Collected data entries
* * * *

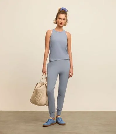 A calça jogger tem a modelagem um pouco mais soltinha do corpo e com a barra ajustada, tendo elástico ou amarração na cintura. Traz conforto na hora de praticar exercícios.
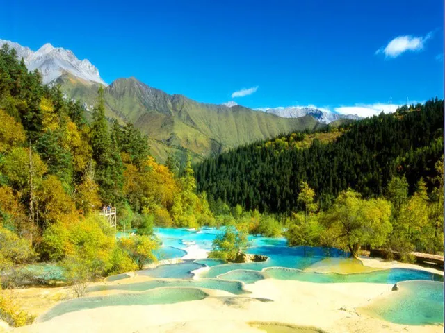 川主寺午餐【牦牛煲汤锅】,后前往黄龙景区,步行或可另付费乘坐黄龙上行索道游览人间瑶池—【黄龙风景区】(含:景区大门票;不含观光车20元,上行索道80元(建议乘坐)下行索道40元,景区强制险10元/人请自理)(游览约4小时):游览迎宾彩池、飞瀑流辉、金沙铺地、争艳彩池、五彩池……聆听黄龙古老的传说。游览完毕,乘车前行,经松潘古城,翻越叠溪海子,抵达茂县/松潘,后入住酒店休息。
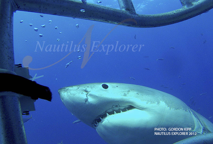 After a very pleasant 185 nautical mile (approx 330km) crossing from Ensenada, Mexico we arrived late last night to the shark lovers paradise island of Guadalupe. Shortly after arrival we had our cages in the calm waters of the sheltered north-east bay and were ready for action at first light this morning. On our first submersible cage dive of the day at 0800 I counted at least 5 individual white sharks circling the two submersible cages. Early on they were keeping their distance, occasionally making a close pass by the cage to check out the humanoids trapped inside. As the day went on they grew bolder and we spent most of the afternoon watching them make fast approaches at us from all depths, above and below, and making tight circles around us with lots of awe-inspiring eye contact. The water was beautiful today with a clear blue 120 ft of visibility and our adopted sealion ‘Toto’ spent a good part of the day with us following, circling and generally antagonizing the whiteys! We couldn’t have asked for a better day to start the trip with and looking forward to more great shark diving tomorrow.
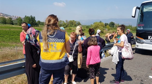 Bir çoğunun uyuduğu öğrenilen yolcular kazanın sarsıntısı ile uyandı. Büyük korkunun yaşandığı kazada yolculardan Gülay Ceylan (25), Eda Ceylan, Kamuran Akın ve Selma Şişman yaralandı. Kaza yerine bölgeden çok sayıda ambulansın yanı sıra kurtarma ekibi sevk edildi. Yaralılar ambulanslarla Orhangazi ve Gemlik hastanelerine kaldırıldı. Kaza sebebi ile trafik akışı bir müddet kontrollü olarak sağlandı. Kazayla alakalı tahkikat sürüyor.
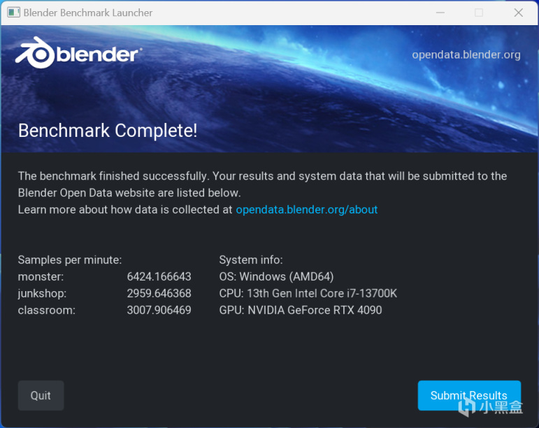 AX电竞叛客RTX4090 X3W在Blender中的Monster、Junkshop和Classroom三项采样成绩分别是6424、2959和3007
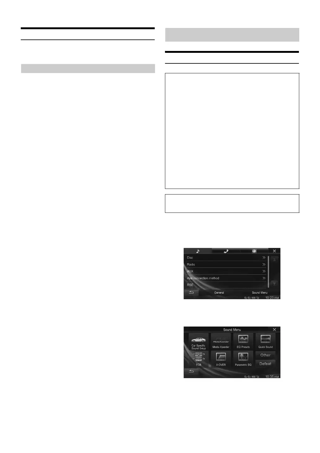 Setting items: Car Specific Sound Setup* / Media Xpander* /
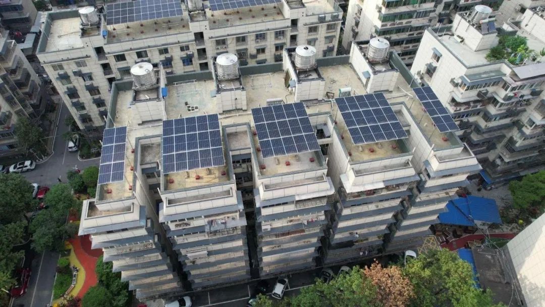 站在广发大厦的高层俯看,新华小区居民楼的屋顶铺满了光伏板。
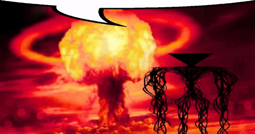 Maelezo ya Maudhui: a drawing of a nuclear explosion with a speech bubble
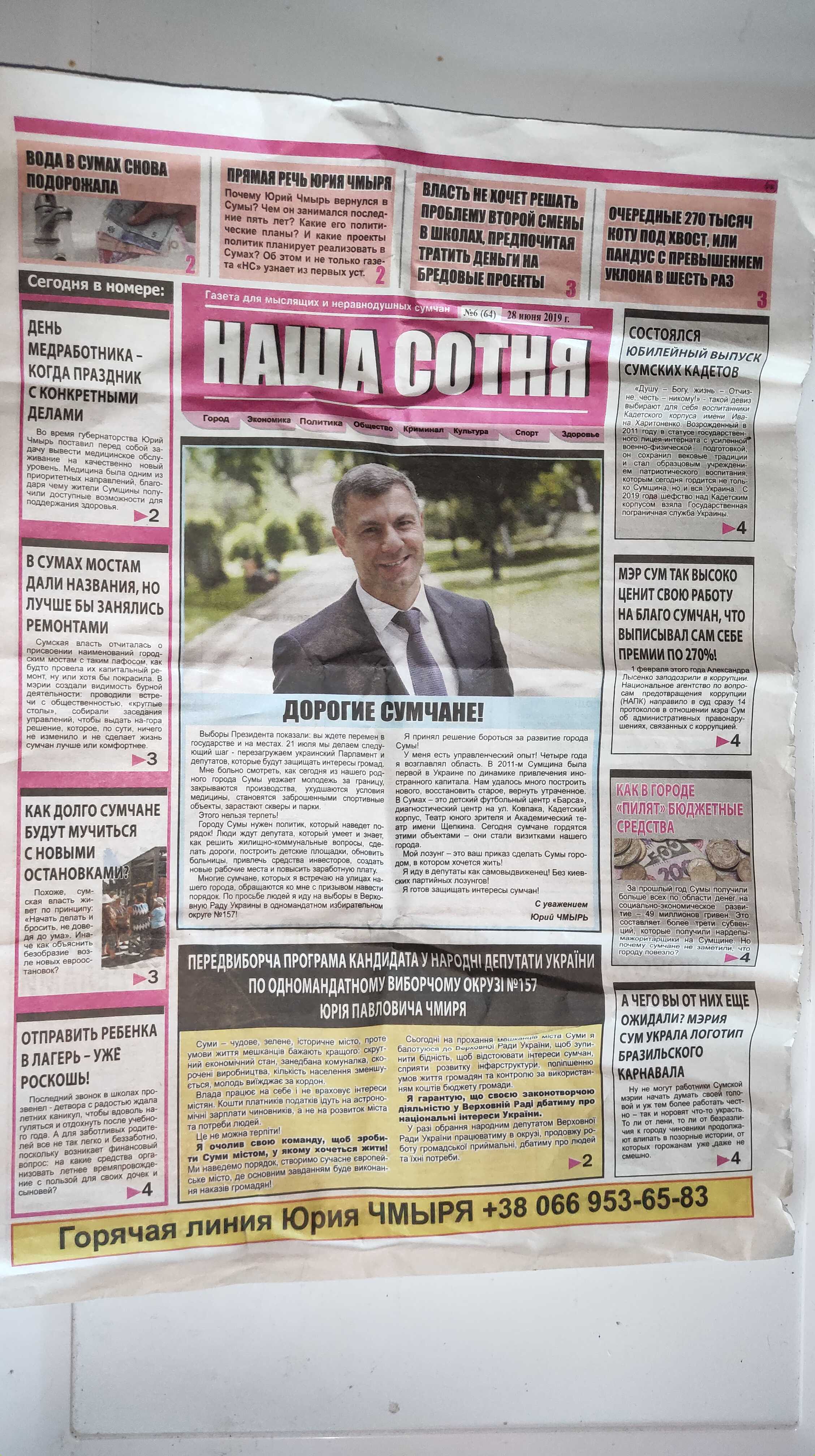Також, як повідомлялось раніше, що представники громадської організації «Sumy це круто» назвали його «ідейним натхненником» родинного спортивного свята, де розігрувались цінні призи. Наразі намети ГО «Sumy це круто» обладнали також позначкою «Громадська приймальня Юрія Чмиря». У цих же наметах поширюють газету «Наша Сотня», де є матеріали з ознаками замовності. Зокрема, у виданні викладена програма і «пряма мова» кандидата у народні депутати  Юрія Чмиря. Решта матеріалів присвячені критиці місцевої влади та опису здобутків кандидата на посту голови обласної державної адміністрації.
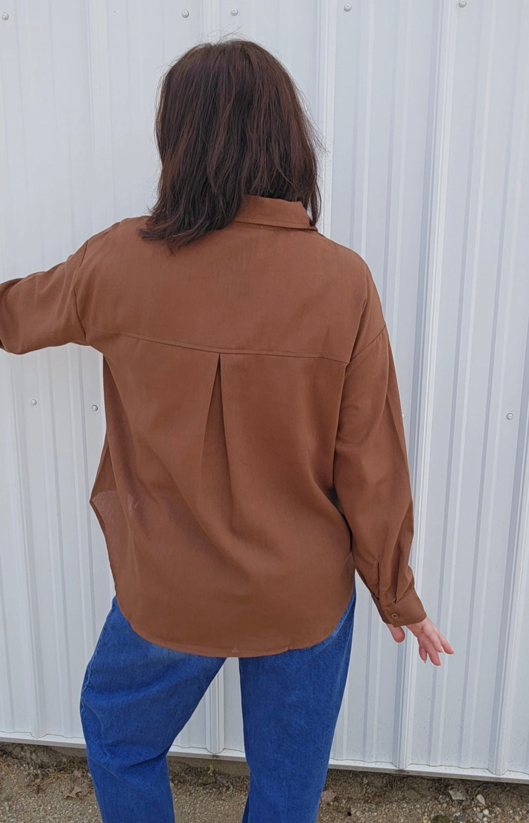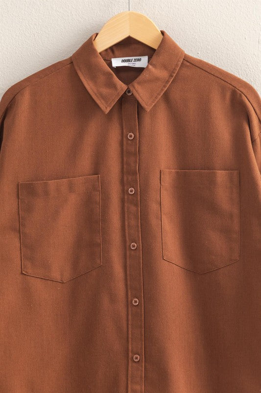 Unleash your inner style icon with our delightfully sand-washed shirt! This cotton-linen beauty is ready to play dress-up with your wardrobe. Sporting a cheeky turn-down collar and long sleeves perfect for dramatic cuffing, it's the button-up buddy your closet's been missing. The oversized fit? That's just the cherry on top for maximum swish and sway as you strut your stuff. Who knew looking this fabulous could be so much fun?
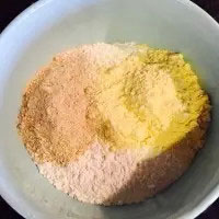 1. 準(zhǔn)備好三種面粉,比例基本是4:1:1,當(dāng)然只有白面粉也可以,或者可以隨意加入其他面粉。
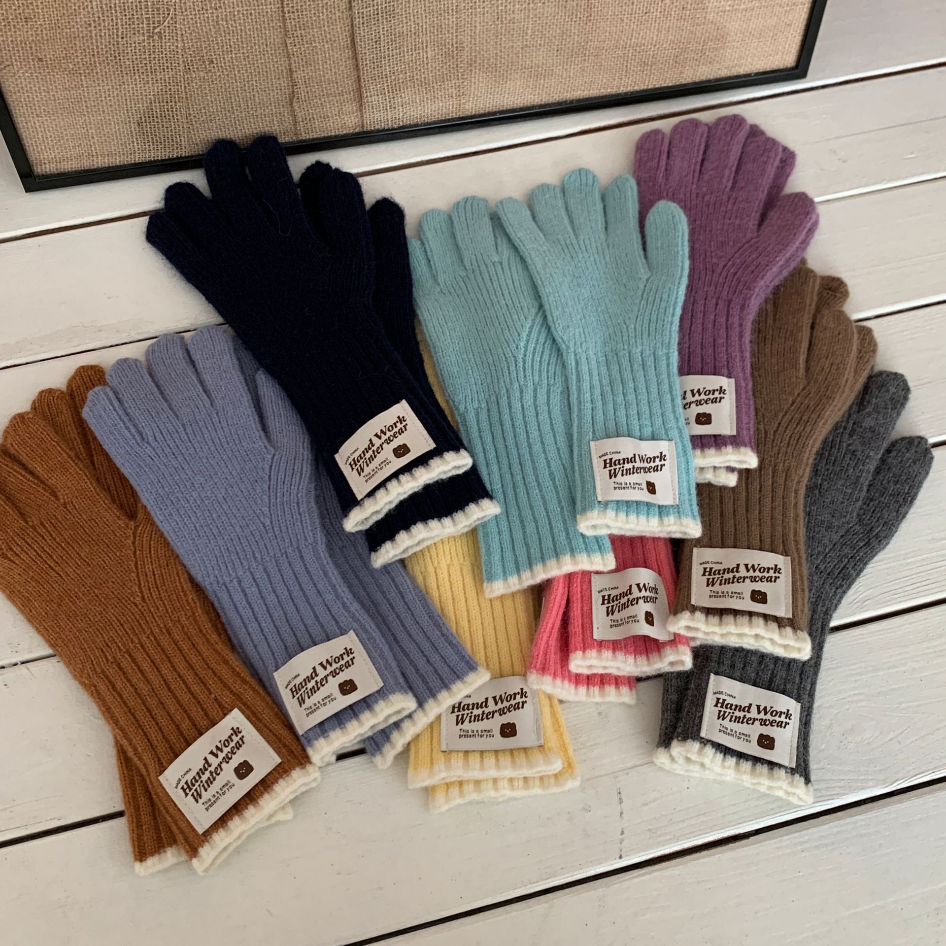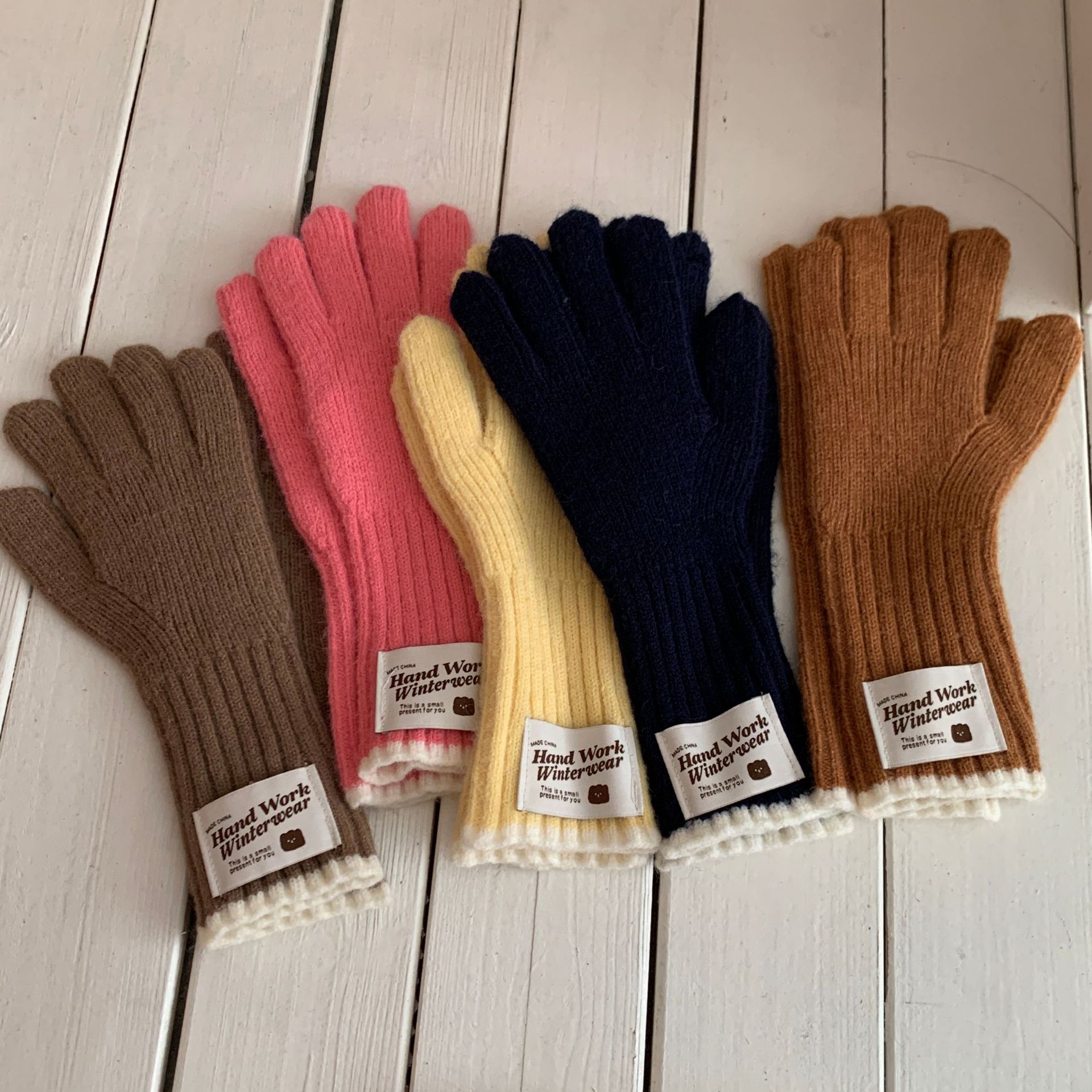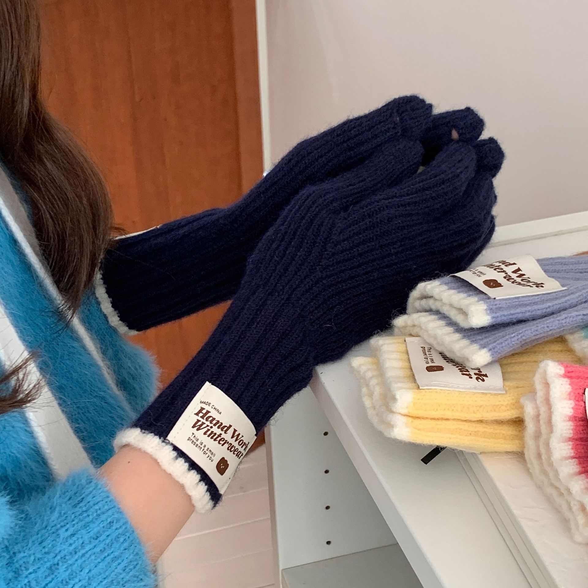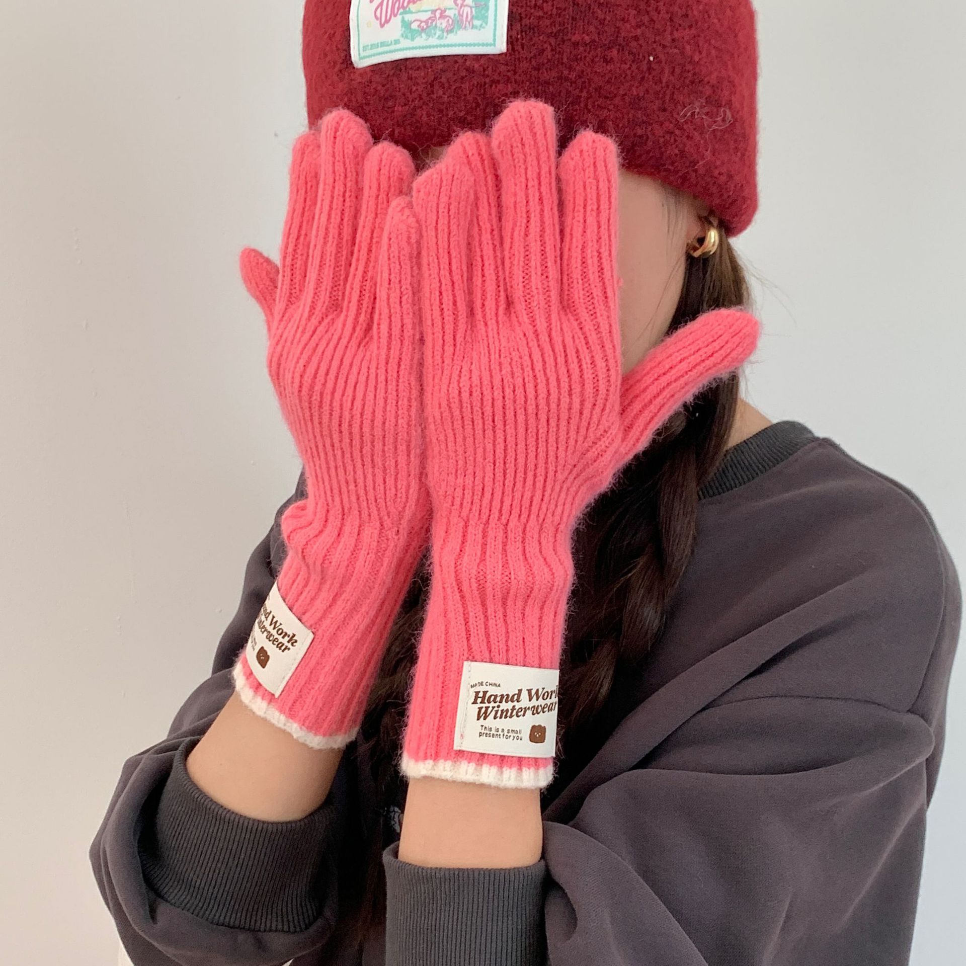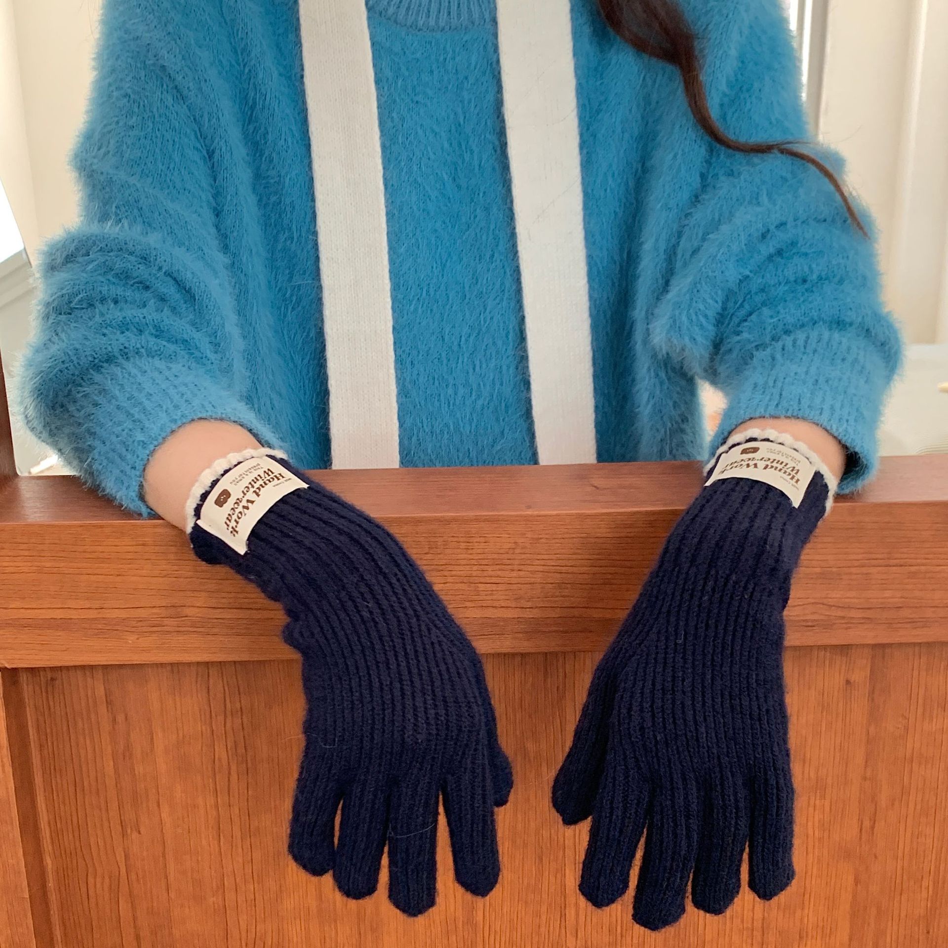솔리드 컬러 하프 핑거 니트 울 장갑 대조적 인 색상 바느질 여성용 겨울 손가락 2024 새로운 터치 스크린 냉난방 및 보온 유지스토어 가기

* * * *

### AIM OF THE EXERCISE
Extract the text of all the records above verbatim, excluding pictures.

### TASK RESULT
 A calça jogger tem a modelagem um pouco mais soltinha do corpo e com a barra ajustada, tendo elástico ou amarração na cintura. Traz conforto na hora de praticar exercícios.
 川主寺午餐【牦牛煲汤锅】,后前往黄龙景区,步行或可另付费乘坐黄龙上行索道游览人间瑶池—【黄龙风景区】(含:景区大门票;不含观光车20元,上行索道80元(建议乘坐)下行索道40元,景区强制险10元/人请自理)(游览约4小时):游览迎宾彩池、飞瀑流辉、金沙铺地、争艳彩池、五彩池……聆听黄龙古老的传说。游览完毕,乘车前行,经松潘古城,翻越叠溪海子,抵达茂县/松潘,后入住酒店休息。
 After a very pleasant 185 nautical mile (approx 330km) crossing from Ensenada, Mexico we arrived late last night to the shark lovers paradise island of Guadalupe. Shortly after arrival we had our cages in the calm waters of the sheltered north-east bay and were ready for action at first light this morning. On our first submersible cage dive of the day at 0800 I counted at least 5 individual white sharks circling the two submersible cages. Early on they were keeping their distance, occasionally making a close pass by the cage to check out the humanoids trapped inside. As the day went on they grew bolder and we spent most of the afternoon watching them make fast approaches at us from all depths, above and below, and making tight circles around us with lots of awe-inspiring eye contact. The water was beautiful today with a clear blue 120 ft of visibility and our adopted sealion ‘Toto’ spent a good part of the day with us following, circling and generally antagonizing the whiteys! We couldn’t have asked for a better day to start the trip with and looking forward to more great shark diving tomorrow.
 Bir çoğunun uyuduğu öğrenilen yolcular kazanın sarsıntısı ile uyandı. Büyük korkunun yaşandığı kazada yolculardan Gülay Ceylan (25), Eda Ceylan, Kamuran Akın ve Selma Şişman yaralandı. Kaza yerine bölgeden çok sayıda ambulansın yanı sıra kurtarma ekibi sevk edildi. Yaralılar ambulanslarla Orhangazi ve Gemlik hastanelerine kaldırıldı. Kaza sebebi ile trafik akışı bir müddet kontrollü olarak sağlandı. Kazayla alakalı tahkikat sürüyor.
 AX电竞叛客RTX4090 X3W在Blender中的Monster、Junkshop和Classroom三项采样成绩分别是6424、2959和3007
 Setting items: Car Specific Sound Setup* / Media Xpander* /
 站在广发大厦的高层俯看,新华小区居民楼的屋顶铺满了光伏板。
 Maelezo ya Maudhui: a drawing of a nuclear explosion with a speech bubble
Також, як повідомлялось раніше, що представники громадської організації «Sumy це круто» назвали його «ідейним натхненником» родинного спортивного свята, де розігрувались цінні призи. Наразі намети ГО «Sumy це круто» обладнали також позначкою «Громадська приймальня Юрія Чмиря». У цих же наметах поширюють газету «Наша Сотня», де є матеріали з ознаками замовності. Зокрема, у виданні викладена програма і «пряма мова» кандидата у народні депутати  Юрія Чмиря. Решта матеріалів присвячені критиці місцевої влади та опису здобутків кандидата на посту голови обласної державної адміністрації.
 Unleash your inner style icon with our delightfully sand-washed shirt! This cotton-linen beauty is ready to play dress-up with your wardrobe. Sporting a cheeky turn-down collar and long sleeves perfect for dramatic cuffing, it's the button-up buddy your closet's been missing. The oversized fit? That's just the cherry on top for maximum swish and sway as you strut your stuff. Who knew looking this fabulous could be so much fun?
 1. 準(zhǔn)備好三種面粉,比例基本是4:1:1,當(dāng)然只有白面粉也可以,或者可以隨意加入其他面粉。
솔리드 컬러 하프 핑거 니트 울 장갑 대조적 인 색상 바느질 여성용 겨울 손가락 2024 새로운 터치 스크린 냉난방 및 보온 유지스토어 가기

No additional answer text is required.